Word for word, write the records out again, but omit each picture.

*Supplied data*.

• • • • • • •

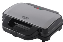
SANDWICH MAKER AD 3043
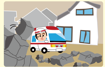
緊急車両の通行の妨げになります
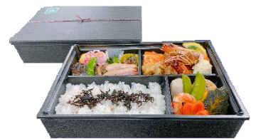
おもてなし弁当 3,000円(消費税込)

会議やセミナー後にお持ち帰りいただけます。 ※7日前までにご予約ください ※5個より承ります
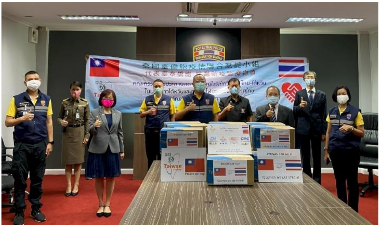
◎泰國台僑胞疫情防疫聯合應變小組贈防疫物資予泰國移民局
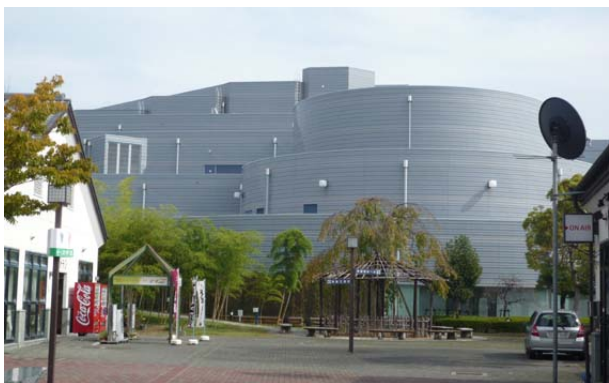
アスティーとくしま会場

街並み視察後、大会会場となるアスティーとくしまへ移動。徳島駅からタクシーで10分ほどの所にありました（左下写真）。
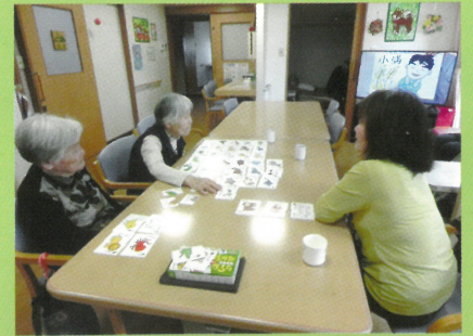
意外と難しい脳トレカード

普段は穏やかな方も真剣な眼差し！全身の筋肉を使うので楽しみながらリハビリが出来ます
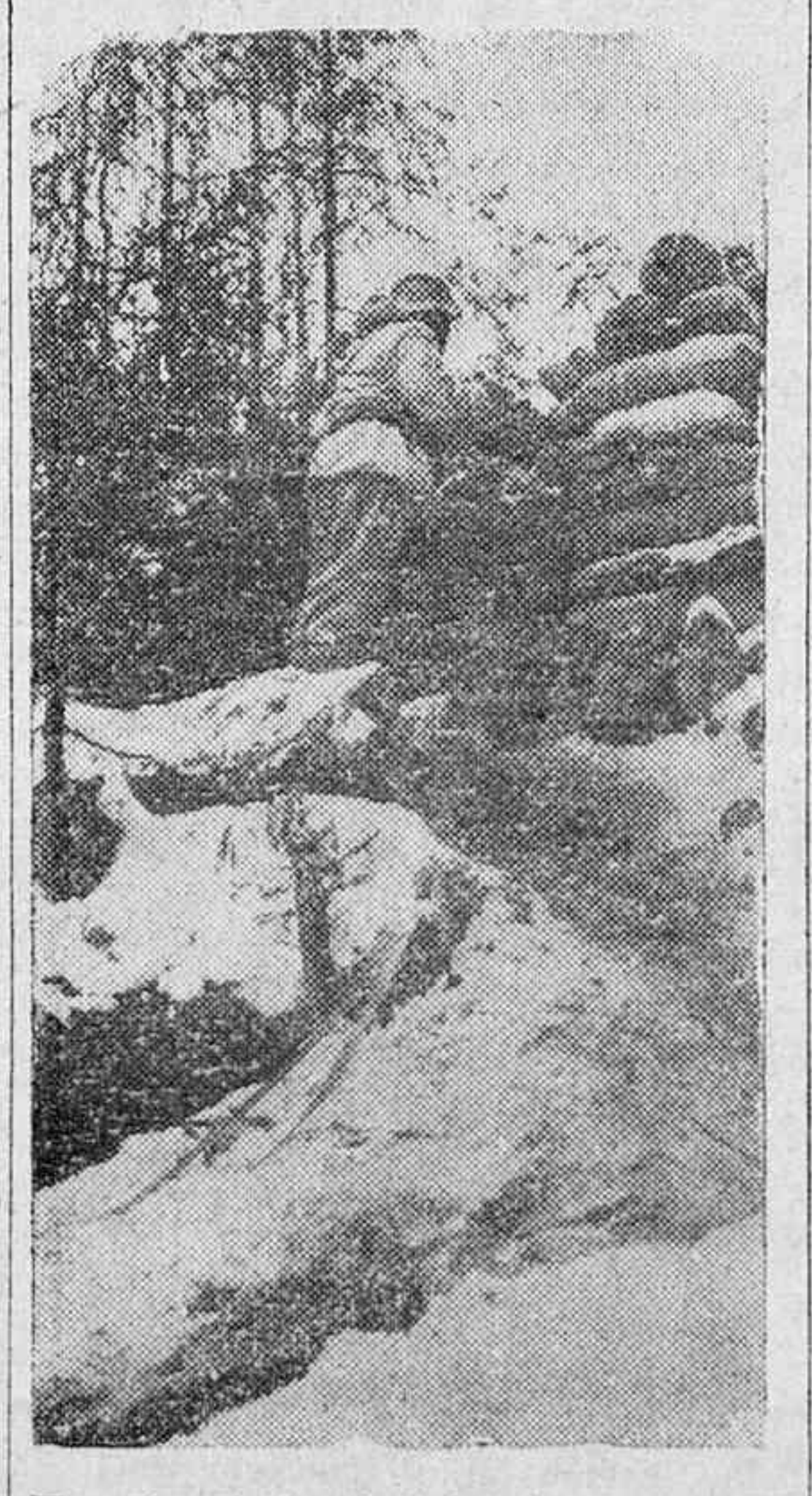
En el tejado del fortín donde se aloja un grupo de soldados alemanes, ha de hallarse siempre uno de ellos en servicio de vigilancia.
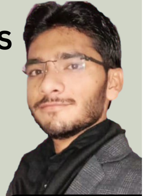
Ram Sir (Founder And CEO)
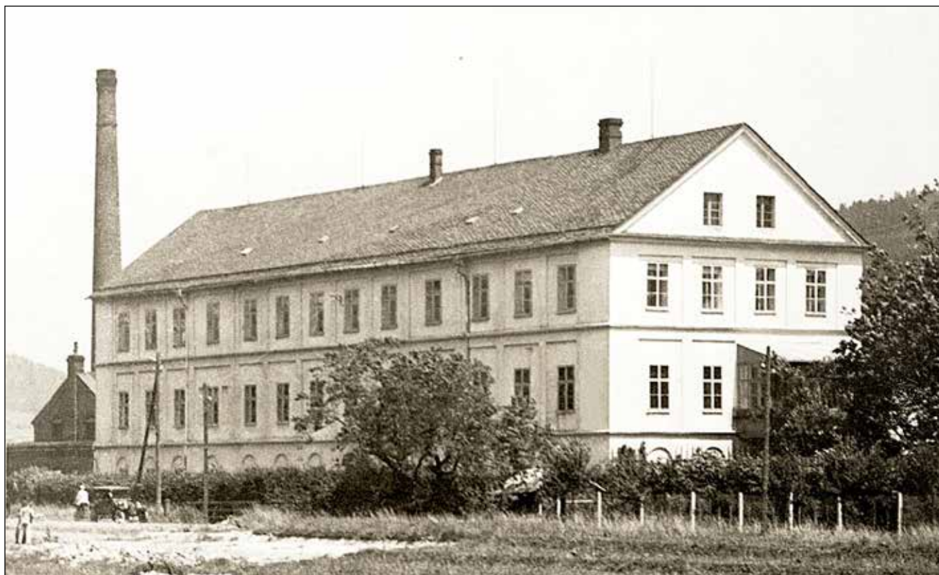
Továrna Sebastian Waschka&Söhne z pohledu od koupaliště asi v roce 1930.

podářilo uvést pouze dílny, kde byly znovu instalovány tkalcovské stavy a teoreticky bylo možné vyrábět. To se však nestalo, protože podnik nedostal přiděl surovin.
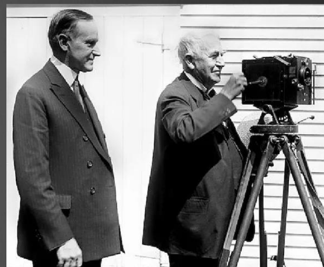
Томас Эдисон и Уильям Диксон
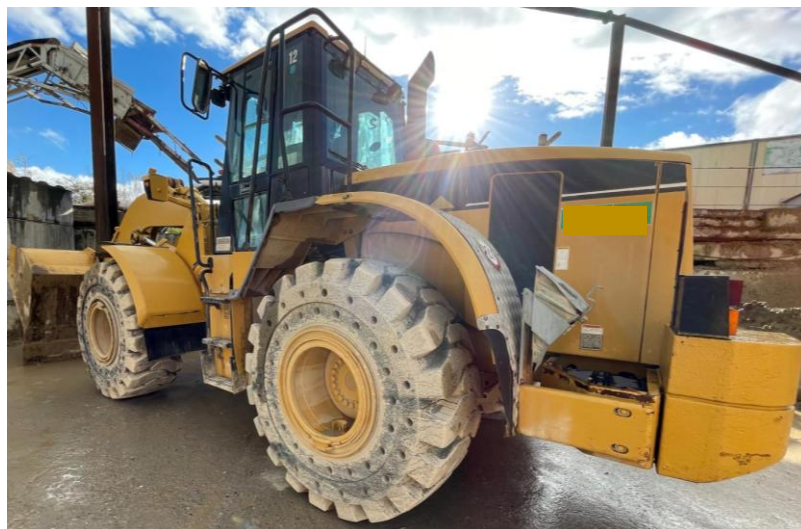
Photo III Vue état machine-pneus increvables- Ansicht Maschinenzustand – pannensichere Reifen- View machine status – puncture-proof tyres
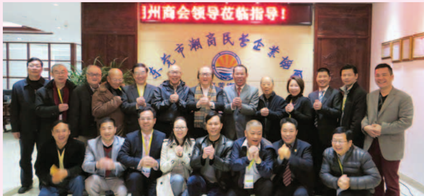
▲ 本會首長與東莞市潮汕商會首長合照。

• • • • • • •

*Answer to the exercise*.
SANDWICH MAKER AD 3043
緊急車両の通行の妨げになります
おもてなし弁当 3,000円(消費税込)

会議やセミナー後にお持ち帰りいただけます。 ※7日前までにご予約ください ※5個より承ります
◎泰國台僑胞疫情防疫聯合應變小組贈防疫物資予泰國移民局
アスティーとくしま会場

街並み視察後、大会会場となるアスティーとくしまへ移動。徳島駅からタクシーで10分ほどの所にありました（左下写真）。
意外と難しい脳トレカード

普段は穏やかな方も真剣な眼差し！全身の筋肉を使うので楽しみながらリハビリが出来ます
En el tejado del fortín donde se aloja un grupo de soldados alemanes, ha de hallarse siempre uno de ellos en servicio de vigilancia.
Ram Sir (Founder And CEO)
Továrna Sebastian Waschka&Söhne z pohledu od koupaliště asi v roce 1930.

podářilo uvést pouze dílny, kde byly znovu instalovány tkalcovské stavy a teoreticky bylo možné vyrábět. To se však nestalo, protože podnik nedostal přiděl surovin.
Томас Эдисон и Уильям Диксон
Photo III Vue état machine-pneus increvables- Ansicht Maschinenzustand – pannensichere Reifen- View machine status – puncture-proof tyres
▲ 本會首長與東莞市潮汕商會首長合照。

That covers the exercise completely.